Grace pinched Mollie’s arm to express her rapture, and that little maiden simply gasped with delight. It was Mollie, not Barbara, of the two sisters, who had the greatest yearning for wealth and society, and the beautiful clothes and wonderful people that she believed went along with it. Barbara was an out-door girl, who loved tennis and all the sports, and could swim like a fish. An artist who spent his summers at Kingsbridge, once called her a brown sea-gull, when he saw her lithe brown body dart off the great pier to dive deep into the water.

Aunt Sallie had been taking a brief cat-nap, before Ruth’s question, and awakened in high good humor. “Why, yes, children,” she answered, “it will be very pleasant to go up on the roof to-night, after we have had our baths and our dinners. I am quite disposed to let you do just what you like, so long as you behave yourselves.”

Grace Carter pressed Aunt Sallie’s fat hand, as a message of thanks. Grace was Aunt Sallie’s favorite among Ruth’s friends. “She is a quiet, lady-like girl, who does not do unexpected things that get on one’s nerves,” Miss Sallie had once explained to Ruth. “Now, Aunt Sallie,” Ruth had protested, “I know I do get on your nerves sometimes, but you know you need me to stir you up. Think how dull you would be without me!” And Aunt Sallie had answered, with unexpected feeling: “I would be very dull, indeed, my dear.”

The girls were full of their plans for the evening.

“That is why Ruth told us each to put a muslin dress in our suit cases! Ruth, are you going to think up a fresh surprise every day! It’s just too splendid!” Mollie spoke in a tone of such fervent emotion that everyone in the car laughed.

“I don’t suppose I can manage a surprise every day, Molliekins,” Ruth called back over her shoulder, “but I mean to think up as many as I possibly can. We are going to have the time of our lives, you know, and something must happen to make it.”

All this time the car had been flying faster than the girls could talk. “This is ‘going some,’” commented Ruth, laughing.
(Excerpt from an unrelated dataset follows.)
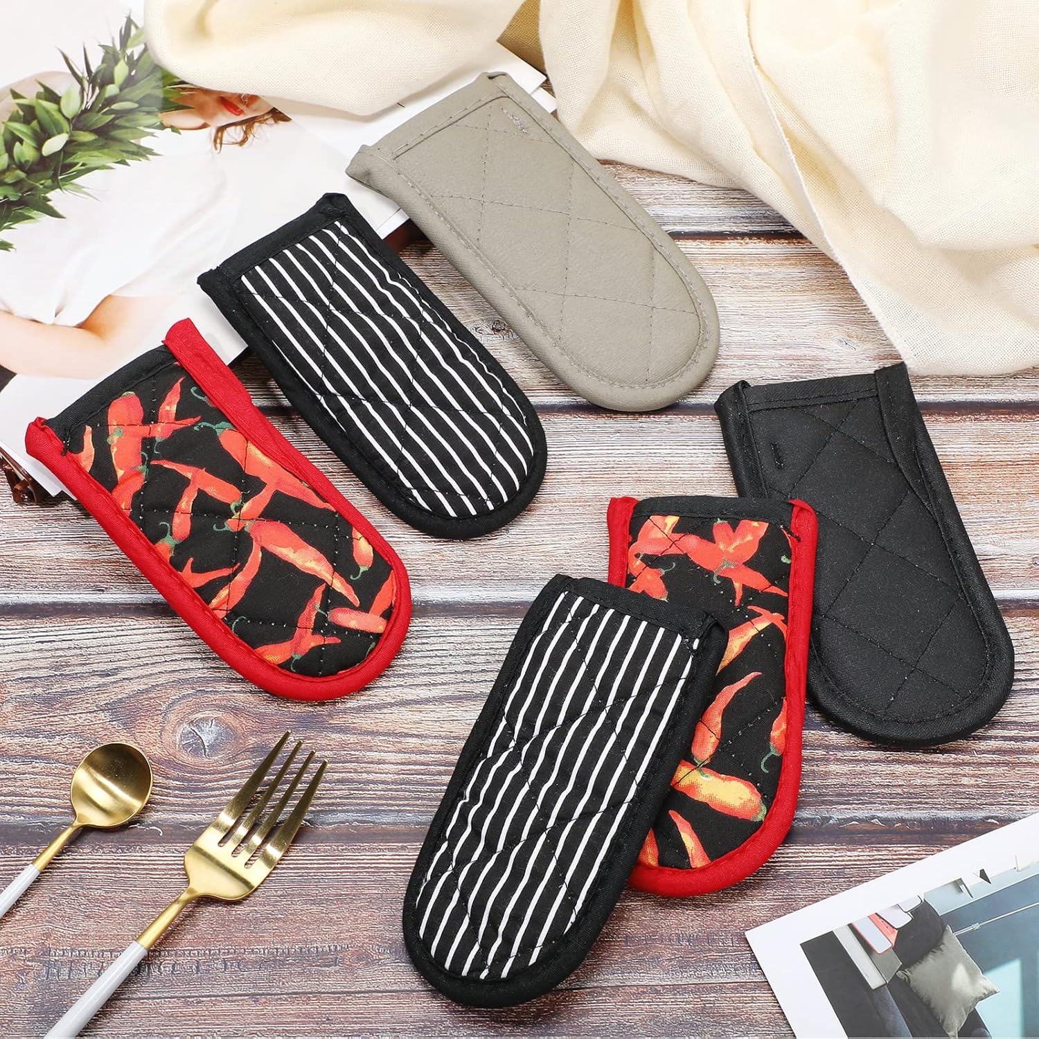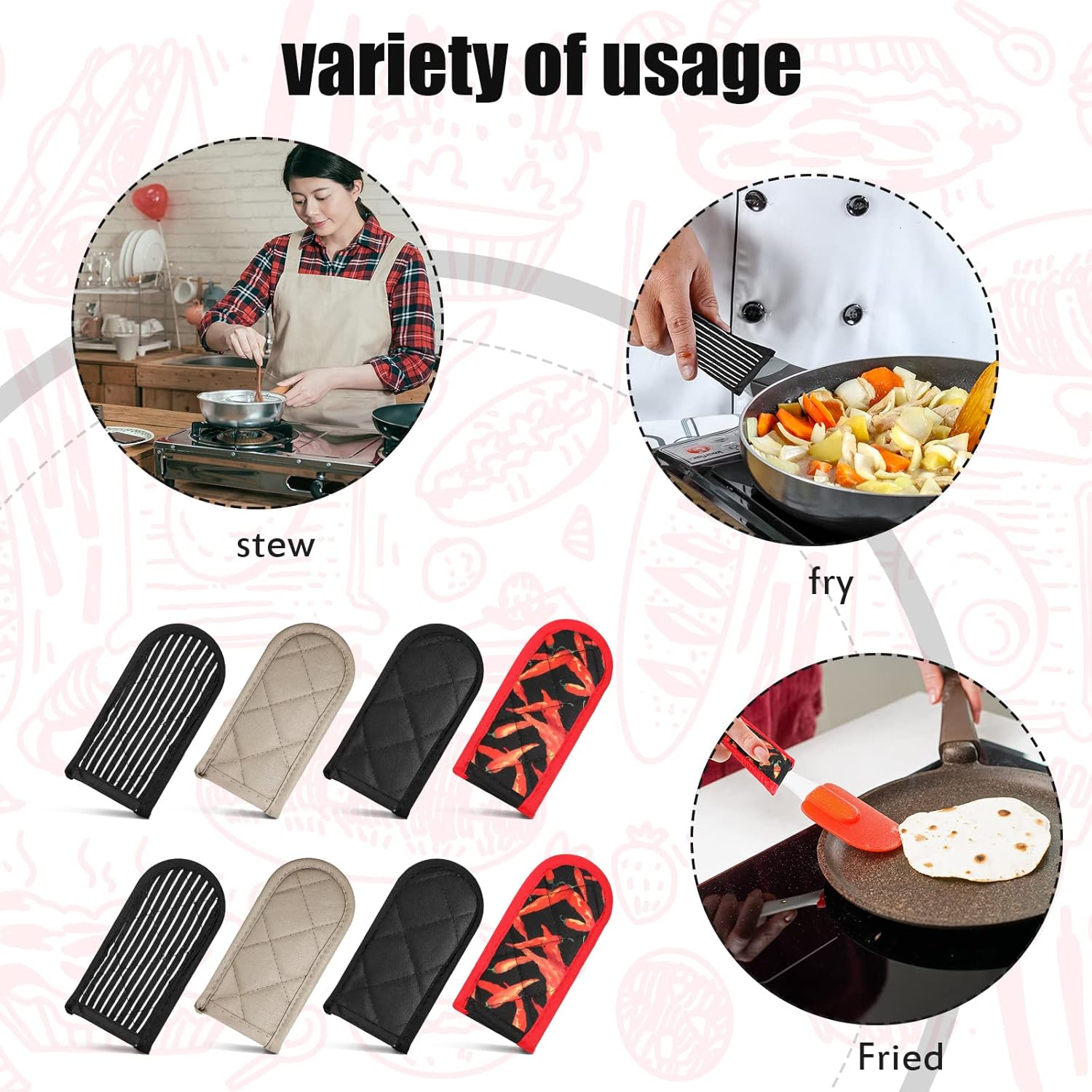 - Sufficient styles set: 4 styles of these non-slip pot sleeve grips for you to choose, include solid black color, black and white buffalo plaid, red base color with white stripe, black base with red pepper design, you can choose the styles you want to add touch to the kitchen cookware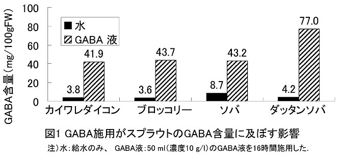 - 水耕栽培のカイワレダイコン、ブロッコリー、ソバおよびダッタンソバのスプラウトは給水のみの場合でも1〜10 mg/100gFWのGABAを含有するが、10 g/lの濃度に調整したGABA液を50 ml、16時間水耕施用することで約40〜80 mg/100gFWに増加する(図1)。

When they came into Lakewood Ruth slowed up, as she had promised her father not to go any faster than the law allowed. “I cross my heart and body, Dad,” she had said. “Think of four lovely maidens and their handsome duenna languishing in jail instead of flying along the road to Newport. Honest Injun! father, I’ll read every automobile sign from here to Jehosaphat, if we ever decide to travel that way.”

In Lakewood, Ruth drove her car around the wonderful pine shaded lake.

“It’s a winter resort,” she explained to her companions. “Nearly all the cottages and hotels are closed in the summer, but I wanted you to have a smell of the pines. It will give you strength for the rest of the trip.”